**Task prompt:**
Omitting any pictures, transcribe the entries below exactly.

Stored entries
_ _ _ _ _ _ _

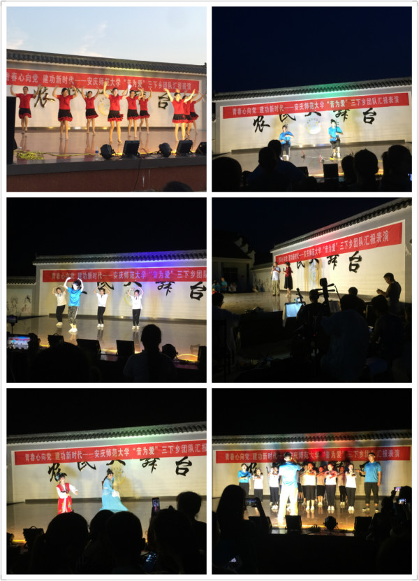 “音”以为荣: 携手社区居民,倾情文艺汇演。为了充分展示教学成果,实践队员在当地政府的支持下带领学生们在当地举办了一场隆重的汇报演出。本场文艺汇演由孩子和实践队员共同参与,并邀请社区居民现场观看。“鸿雁天空上,队队排成行……”实践队员张少举的一首《鸿雁》让淡淡的乡愁如鸿雁一般游荡在天空上;紧接着,孩子们开始倾情演奏他们精心准备的竖笛曲目《茉莉花》,整齐划一的节奏赢得了台下观众的热烈掌声;二胡、陶笛、舞蹈、朗诵,众多节目的演出让观众们赞不绝口,台下气氛热烈;最后,整场汇演在全体师生的合唱《让世界充满爱》中落下帷幕。
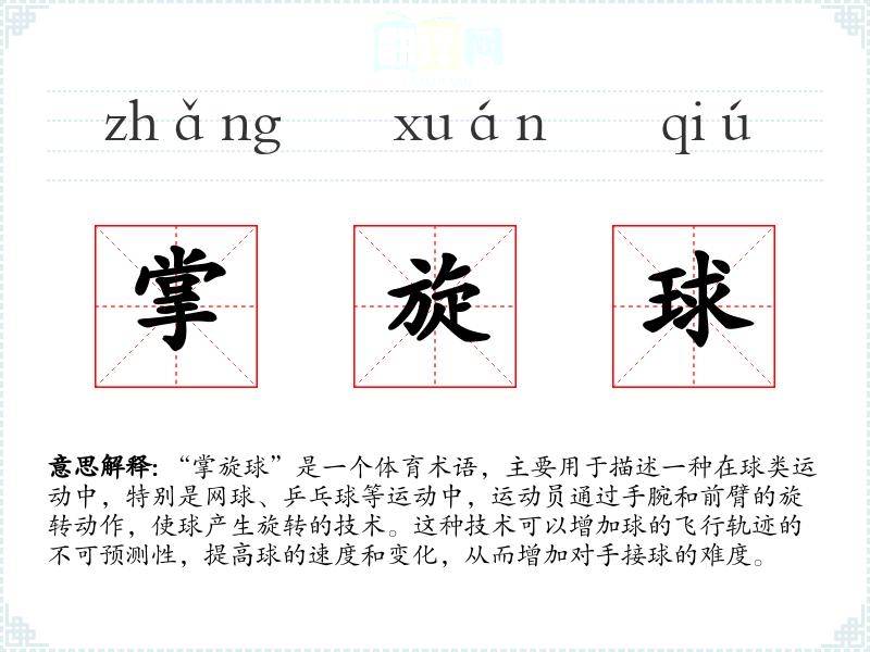 “掌旋球”这个词汇源于体育技术术语,随着体育**的发展,这个词汇逐渐被广泛接受和使用。它的构成体现了对技术动作的描述,其中“掌”指的是手掌和手腕的动作,“旋”表示旋转的动作。
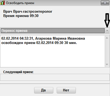 В нем нужно указать причину освобождения приема из выпадающего списка (отмечен стрелкой на картинке), если необходимо, то изменить комментарий, после чего нажать «Да» и пациент снимется с приема.
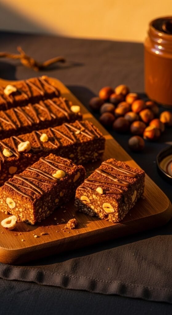 Rough-chopped roasted hazelnuts and two tablespoons of cocoa powder stirred into the warm honey-hazelnut spread binder create a bar that tastes remarkably like a Ferrero Rocher in oat form — nutty, chocolatey, and genuinely satisfying. Hazelnut spread (Nutella or any equivalent) replaces standard nut butter here as the binder. It provides fat, sweetness, and flavour all at once, which means less additional sweetener is needed. Drizzle extra warmed hazelnut spread over the pressed, chilled bars. Top with whole roasted hazelnuts pressed in before chilling. These are a standout on any snack or dessert platter.
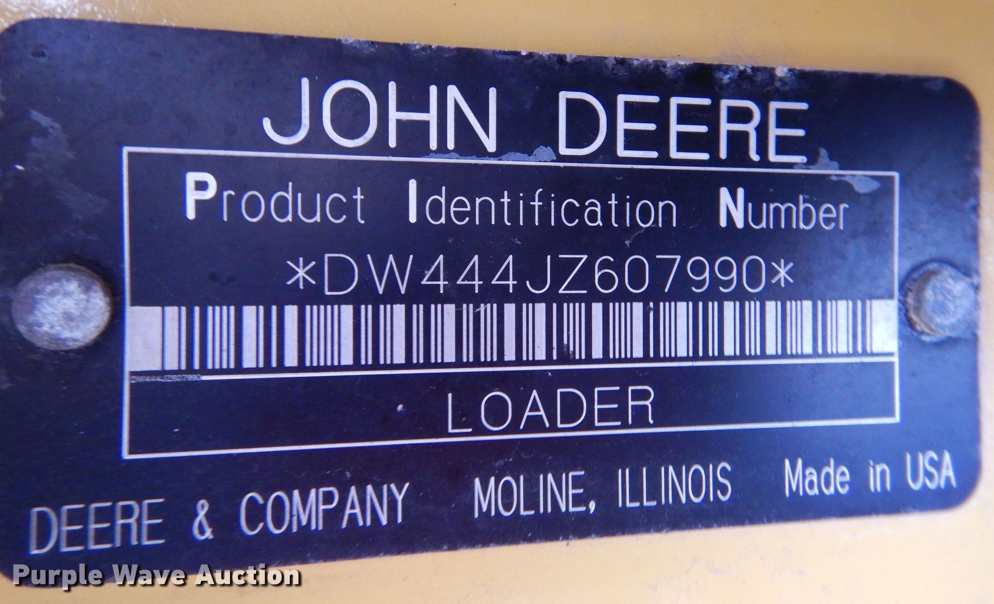 Purple Wave is selling a used Wheel Loader in Kansas. This item is a 2006 John Deere 444J wheel loader with the following: Hours: 4,503 on meter, Serial: DW444JZ607990, KDOT ID: 365-3076
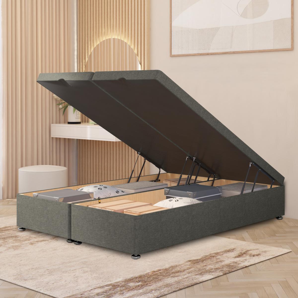 This Solid Wood Linen Fabric End Opening Ottoman Divan Bed Base combines timeless design with superior functionality. Expertly crafted in the UK from solid wood, this ottoman offers exceptional strength, stability, and long-lasting quality. The solid, non-slip platform top provides firm, even support for your mattress far superior to slatted frames that can flex or weaken over time. Inside, the luxury wooden interior showcases a rich wood tone and smooth finish, elevating the look and feel of the storage space. Unlike cheaper ottomans where items rest directly on the floor, this base features a fully boarded wooden floor, keeping your belongings neat, protected, and easily accessible. The base stands 34.5cm high (37.5cm with gliders) and offers 24cm of discreet internal storage, easily accessed via gas-assisted end-lift pistons (600N/800 N depending on size). All sizes are UK made and meet the highest safety and quality standards. 5FT Ottoman Bed, L 203cm x W 153cm
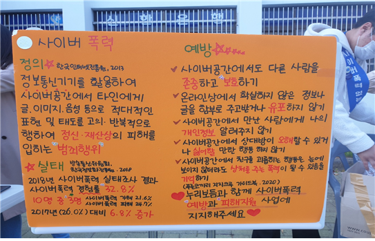 본문 시작 2020학년도 사이버폭력 예방 캠페인 CHARM케어상담센터 4440 2020-10-28 사회복지학과 학생들과 함께 목록 이전2020 상호 교류 협력을 위한 협약식 다음 2020학년도 불법카메라 10월 정기 점검 담당부서 : CHARM케어상담센터 담당자 : - 연락처 : 043-649-1789 최종수정일 : 2024-10-26 만족도조사 만족도 조사 이 페이지에서 제공하는 정보에 대하여 만족하시나요? 매우만족 만족 보통 불만족 매우불만족
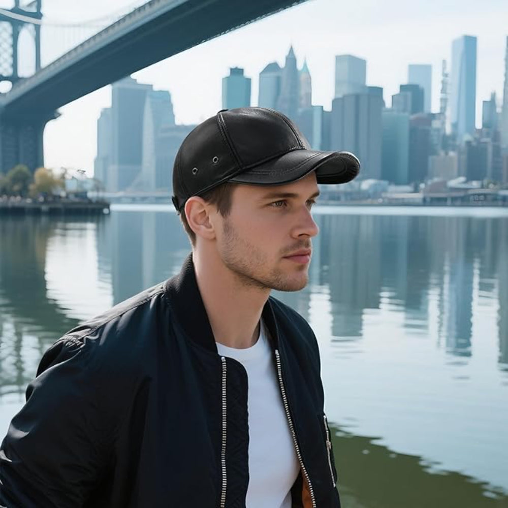 Handmade Black Leather Baseball Cap. Made from 100% genuine sheepskin or lambskin leather, it delivers exceptional softness, lightweight comfort, and lasting durability. The classic six-panel design with a pre-curved brim provides timeless style and effective sun protection. Featuring an adjustable back strap with a metal buckle or Velcro, it ensures a perfect fit for men and women. Durable, water-resistant, and carefully stitched, this cap is a premium accessory for fashion-conscious buyers in the UK.
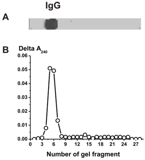 To exclude possible artifacts due to hypothetical traces of contaminating catalases, the IgGs were separated using SDS-PAGE. Their catalase activities were detected using an SDS-PAGE assay as in [40,41,42]. After the use of SDS-PAGE to restore the catalase activity, the SDS was removed via gel incubation for 3 h at 23 °C with K-phosphate (pH 7.0) and washed 14 times with this buffer. The gel strips were cut into small pieces (2.6–3.1 mm), which were carefully crushed and placed in tubes containing 50 μL of K-phosphate (pH 7.0) buffer. For 10 days, the tubes were kept at 4 °C with periodic shaking using a mixer. Then, the gel was removed by centrifugation and the solutions were used to determine the catalase activity. The parallel longitudinal gel strips were used to detect the IgGs’ position on the gel via silver staining. This activity was revealed only in the band of intact IgGs, and there were no other peaks of proteins or catalase activity.
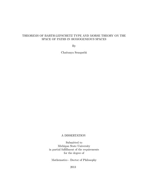 "Homotopy connectedness theorems for complex submanifolds of homogeneous spaces (sometimes referred to as theorems of Barth-Lefshetz type) have been established by a num- ber of authors. Morse Theory on the space of paths lead to an elegant proof of homotopy connectedness theorems for complex submanifolds of Hermitian symmetric spaces. In this work we extend this proof to a larger class of compact complex manifolds namely quotients of complex orthogonal, unitary groups and exceptional groups."--Abstract.
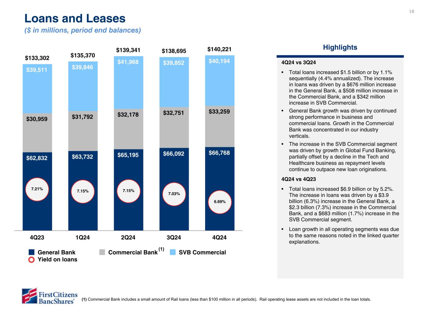 17 17 Increase (decrease) 4Q24 vs 3Q24 4Q24 vs 4Q23 SELECT PERIOD END BALANCES 4Q24 3Q24 4Q23 $ % $ % Interest-earning deposits at banks $ 21,364 $ 25,640 $ 33,609 $ (4,276) (66.3) % $ (12,245) (36.4) % Investment securities 44,090 38,663 29,999 5,427 55.8 14,091 47.0 Loans and leases 140,221 138,695 133,302 1,526 4.4 6,919 5.2 Operating lease equipment, net (2) 9,323 9,186 8,746 137 5.9 577 6.6 Deposits 155,229 151,574 145,854 3,655 9.6 9,375 6.4 Noninterest-bearing deposits 38,633 39,396 39,799 (763) (7.7) (1,166) (2.9) Borrowings 37,051 37,161 37,654 (110) (1.2) (603) (1.6) Tangible common stockholders’ equity (non-GAAP) (3) 20,752 21,336 19,716 (584) (10.9) 1,036 5.3 Common stockholders' equity 21,347 21,947 20,374 (600) (10.9) 973 4.8 Total stockholders' equity 22,228 22,828 21,255 (600) (10.5) 973 4.6 Increase (decrease) KEY METRICS 4Q24 3Q24 4Q23 4Q24 vs 3Q24 4Q24 vs 4Q23 CET1 capital ratio 12.99 % 13.24 % 13.36 % (0.25) % (0.37) % Book value per common share $ 1,556.16 $ 1,547.81 $ 1,403.12 $ 8.35 $ 153.04 Tangible book value per common share (non-GAAP) (3) 1,512.77 1,504.75 1,357.77 8.02 155.00 Tangible capital to tangible assets (non-GAAP) (3) 9.30 % 9.70 % 9.25 % (0.40) % 0.05 % Loan to deposit ratio 90.33 91.50 91.39 (1.17) (1.06) ALLL to total loans and leases 1.20 1.21 1.31 (0.01) (0.11) Noninterest-bearing deposits to total deposits 24.89 25.99 27.29 (1.10) (2.40) Total liquid assets (available cash + HQLS) $ 59,339 $ 58,359 $ 57,284 $ 980 $ 2,055 Total liquidity (liquid assets & contingent sources) (4) 86,628 88,001 91,228 (1,373) (4,600) Total liquidity / uninsured deposits (4) 146 % 150 % 168 % (4.00) % (22.00) % Balance Sheet Highlights ($ in millions, except per share data) (1) (1) (1) Percent change is annualized and is calculated using unrounded numbers. (2) Operating lease equipment, net includes $8.6 billion of rail assets. (3) Non-GAAP measure: see Section V entitled Non-GAAP Reconciliations. (4) Total liquidity for 4Q24, 3Q24 and 4Q23 includes immediately available capacity under the FDIC line of credit as of each period end. For more information, refer to slide 38.

_ _ _ _ _ _ _

**Answer box:**
 “音”以为荣: 携手社区居民,倾情文艺汇演。为了充分展示教学成果,实践队员在当地政府的支持下带领学生们在当地举办了一场隆重的汇报演出。本场文艺汇演由孩子和实践队员共同参与,并邀请社区居民现场观看。“鸿雁天空上,队队排成行……”实践队员张少举的一首《鸿雁》让淡淡的乡愁如鸿雁一般游荡在天空上;紧接着,孩子们开始倾情演奏他们精心准备的竖笛曲目《茉莉花》,整齐划一的节奏赢得了台下观众的热烈掌声;二胡、陶笛、舞蹈、朗诵,众多节目的演出让观众们赞不绝口,台下气氛热烈;最后,整场汇演在全体师生的合唱《让世界充满爱》中落下帷幕。
 “掌旋球”这个词汇源于体育技术术语,随着体育**的发展,这个词汇逐渐被广泛接受和使用。它的构成体现了对技术动作的描述,其中“掌”指的是手掌和手腕的动作,“旋”表示旋转的动作。
 В нем нужно указать причину освобождения приема из выпадающего списка (отмечен стрелкой на картинке), если необходимо, то изменить комментарий, после чего нажать «Да» и пациент снимется с приема.
 Rough-chopped roasted hazelnuts and two tablespoons of cocoa powder stirred into the warm honey-hazelnut spread binder create a bar that tastes remarkably like a Ferrero Rocher in oat form — nutty, chocolatey, and genuinely satisfying. Hazelnut spread (Nutella or any equivalent) replaces standard nut butter here as the binder. It provides fat, sweetness, and flavour all at once, which means less additional sweetener is needed. Drizzle extra warmed hazelnut spread over the pressed, chilled bars. Top with whole roasted hazelnuts pressed in before chilling. These are a standout on any snack or dessert platter.
 Purple Wave is selling a used Wheel Loader in Kansas. This item is a 2006 John Deere 444J wheel loader with the following: Hours: 4,503 on meter, Serial: DW444JZ607990, KDOT ID: 365-3076
 This Solid Wood Linen Fabric End Opening Ottoman Divan Bed Base combines timeless design with superior functionality. Expertly crafted in the UK from solid wood, this ottoman offers exceptional strength, stability, and long-lasting quality. The solid, non-slip platform top provides firm, even support for your mattress far superior to slatted frames that can flex or weaken over time. Inside, the luxury wooden interior showcases a rich wood tone and smooth finish, elevating the look and feel of the storage space. Unlike cheaper ottomans where items rest directly on the floor, this base features a fully boarded wooden floor, keeping your belongings neat, protected, and easily accessible. The base stands 34.5cm high (37.5cm with gliders) and offers 24cm of discreet internal storage, easily accessed via gas-assisted end-lift pistons (600N/800 N depending on size). All sizes are UK made and meet the highest safety and quality standards. 5FT Ottoman Bed, L 203cm x W 153cm
 본문 시작 2020학년도 사이버폭력 예방 캠페인 CHARM케어상담센터 4440 2020-10-28 사회복지학과 학생들과 함께 목록 이전2020 상호 교류 협력을 위한 협약식 다음 2020학년도 불법카메라 10월 정기 점검 담당부서 : CHARM케어상담센터 담당자 : - 연락처 : 043-649-1789 최종수정일 : 2024-10-26 만족도조사 만족도 조사 이 페이지에서 제공하는 정보에 대하여 만족하시나요? 매우만족 만족 보통 불만족 매우불만족
 Handmade Black Leather Baseball Cap. Made from 100% genuine sheepskin or lambskin leather, it delivers exceptional softness, lightweight comfort, and lasting durability. The classic six-panel design with a pre-curved brim provides timeless style and effective sun protection. Featuring an adjustable back strap with a metal buckle or Velcro, it ensures a perfect fit for men and women. Durable, water-resistant, and carefully stitched, this cap is a premium accessory for fashion-conscious buyers in the UK.
 To exclude possible artifacts due to hypothetical traces of contaminating catalases, the IgGs were separated using SDS-PAGE. Their catalase activities were detected using an SDS-PAGE assay as in [40,41,42]. After the use of SDS-PAGE to restore the catalase activity, the SDS was removed via gel incubation for 3 h at 23 °C with K-phosphate (pH 7.0) and washed 14 times with this buffer. The gel strips were cut into small pieces (2.6–3.1 mm), which were carefully crushed and placed in tubes containing 50 μL of K-phosphate (pH 7.0) buffer. For 10 days, the tubes were kept at 4 °C with periodic shaking using a mixer. Then, the gel was removed by centrifugation and the solutions were used to determine the catalase activity. The parallel longitudinal gel strips were used to detect the IgGs’ position on the gel via silver staining. This activity was revealed only in the band of intact IgGs, and there were no other peaks of proteins or catalase activity.
 "Homotopy connectedness theorems for complex submanifolds of homogeneous spaces (sometimes referred to as theorems of Barth-Lefshetz type) have been established by a num- ber of authors. Morse Theory on the space of paths lead to an elegant proof of homotopy connectedness theorems for complex submanifolds of Hermitian symmetric spaces. In this work we extend this proof to a larger class of compact complex manifolds namely quotients of complex orthogonal, unitary groups and exceptional groups."--Abstract.
 17 17 Increase (decrease) 4Q24 vs 3Q24 4Q24 vs 4Q23 SELECT PERIOD END BALANCES 4Q24 3Q24 4Q23 $ % $ % Interest-earning deposits at banks $ 21,364 $ 25,640 $ 33,609 $ (4,276) (66.3) % $ (12,245) (36.4) % Investment securities 44,090 38,663 29,999 5,427 55.8 14,091 47.0 Loans and leases 140,221 138,695 133,302 1,526 4.4 6,919 5.2 Operating lease equipment, net (2) 9,323 9,186 8,746 137 5.9 577 6.6 Deposits 155,229 151,574 145,854 3,655 9.6 9,375 6.4 Noninterest-bearing deposits 38,633 39,396 39,799 (763) (7.7) (1,166) (2.9) Borrowings 37,051 37,161 37,654 (110) (1.2) (603) (1.6) Tangible common stockholders’ equity (non-GAAP) (3) 20,752 21,336 19,716 (584) (10.9) 1,036 5.3 Common stockholders' equity 21,347 21,947 20,374 (600) (10.9) 973 4.8 Total stockholders' equity 22,228 22,828 21,255 (600) (10.5) 973 4.6 Increase (decrease) KEY METRICS 4Q24 3Q24 4Q23 4Q24 vs 3Q24 4Q24 vs 4Q23 CET1 capital ratio 12.99 % 13.24 % 13.36 % (0.25) % (0.37) % Book value per common share $ 1,556.16 $ 1,547.81 $ 1,403.12 $ 8.35 $ 153.04 Tangible book value per common share (non-GAAP) (3) 1,512.77 1,504.75 1,357.77 8.02 155.00 Tangible capital to tangible assets (non-GAAP) (3) 9.30 % 9.70 % 9.25 % (0.40) % 0.05 % Loan to deposit ratio 90.33 91.50 91.39 (1.17) (1.06) ALLL to total loans and leases 1.20 1.21 1.31 (0.01) (0.11) Noninterest-bearing deposits to total deposits 24.89 25.99 27.29 (1.10) (2.40) Total liquid assets (available cash + HQLS) $ 59,339 $ 58,359 $ 57,284 $ 980 $ 2,055 Total liquidity (liquid assets & contingent sources) (4) 86,628 88,001 91,228 (1,373) (4,600) Total liquidity / uninsured deposits (4) 146 % 150 % 168 % (4.00) % (22.00) % Balance Sheet Highlights ($ in millions, except per share data) (1) (1) (1) Percent change is annualized and is calculated using unrounded numbers. (2) Operating lease equipment, net includes $8.6 billion of rail assets. (3) Non-GAAP measure: see Section V entitled Non-GAAP Reconciliations. (4) Total liquidity for 4Q24, 3Q24 and 4Q23 includes immediately available capacity under the FDIC line of credit as of each period end. For more information, refer to slide 38.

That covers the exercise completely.